Nach 10 Jahren Arbeit sollte nun endlich das Hauptwerk des englischen Schriftstellers veröffentlicht werden. Zu dessen Kummer wollte der Verlag aber großzügige Kürzungen vornehmen. Der Autor schlug verzweifelt vor, dem Roman ein erklärendes Vorwort voranzustellen, um die Leser über Länge, Inhalt und Intention zu informieren. Folgendes Zitat stammt aus diesem Vorwort:”Wenn Sie sagen, nun ja, ein guter Wein braucht kein Reklameschild, dann kann ich nur antworten: tja, ich spreche aber nicht von gutem Wein, sondern von Mescal, und, ganz abgesehen von dem Schild, ist man erst einmal in der Cantina, braucht man Salz und Zitronen, um den Mescal herunterzubekommen.

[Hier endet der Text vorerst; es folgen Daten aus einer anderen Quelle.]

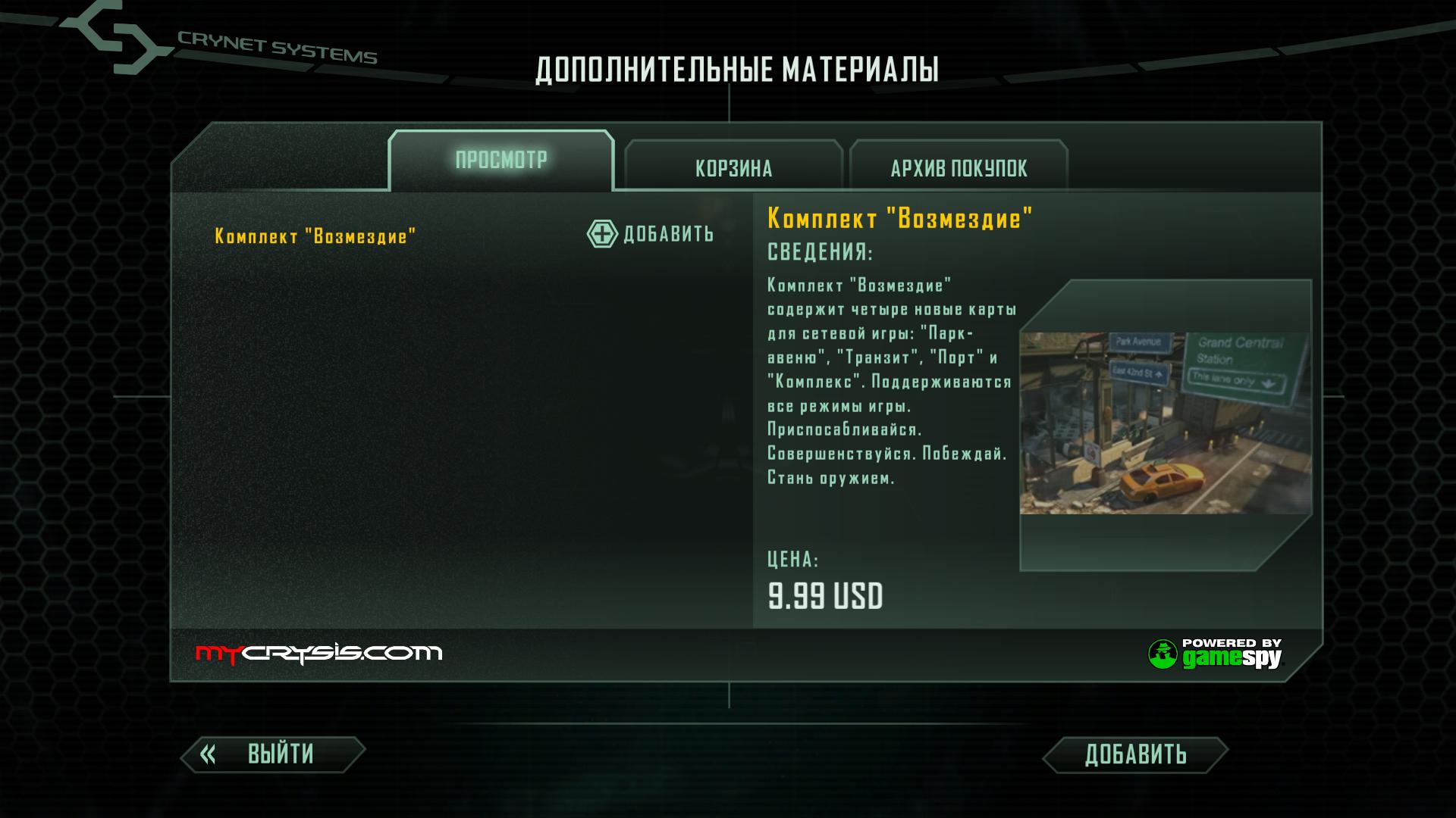 После покупки вам будет предложено скачивание набора карт "Возмездие" в архиве ZIP. Скачайте и переместите в папку : Мой компьютер -> Пользователи -> Мои документы -> Crysis 2 -> DLC

Ein solches Vorwort, wenigstens erhoffe ich mir das, könnte für ein wenig Zitronen und Salz sorgen.” Wer den Autoren kennt, weiß spätestens jetzt, von wem hier die Rede ist. Für die anderen noch ein paar Hinweise. Der Roman erschien 1947 ungekürzt. Wie in Joyce’Ullysses spielt die Handlung an einem Tag. Der seelische und körperliche Zustand der Hauptfigur ist durchaus mit dem des Autoren zu vergleichen. Mit diesem Roman beschreibt er quasi sein eigenes Ende. Er wurde 1909 geboren und starb mit 48 Jahren. Im angelsächsischen Raum wurde er zur Kultfigur. 1984 legte John Houston eine brillante Verfilmung mit Albert Finney in der Hauptrolle vor.
Wer war’s? Und wie heißt der Titel seines Romans?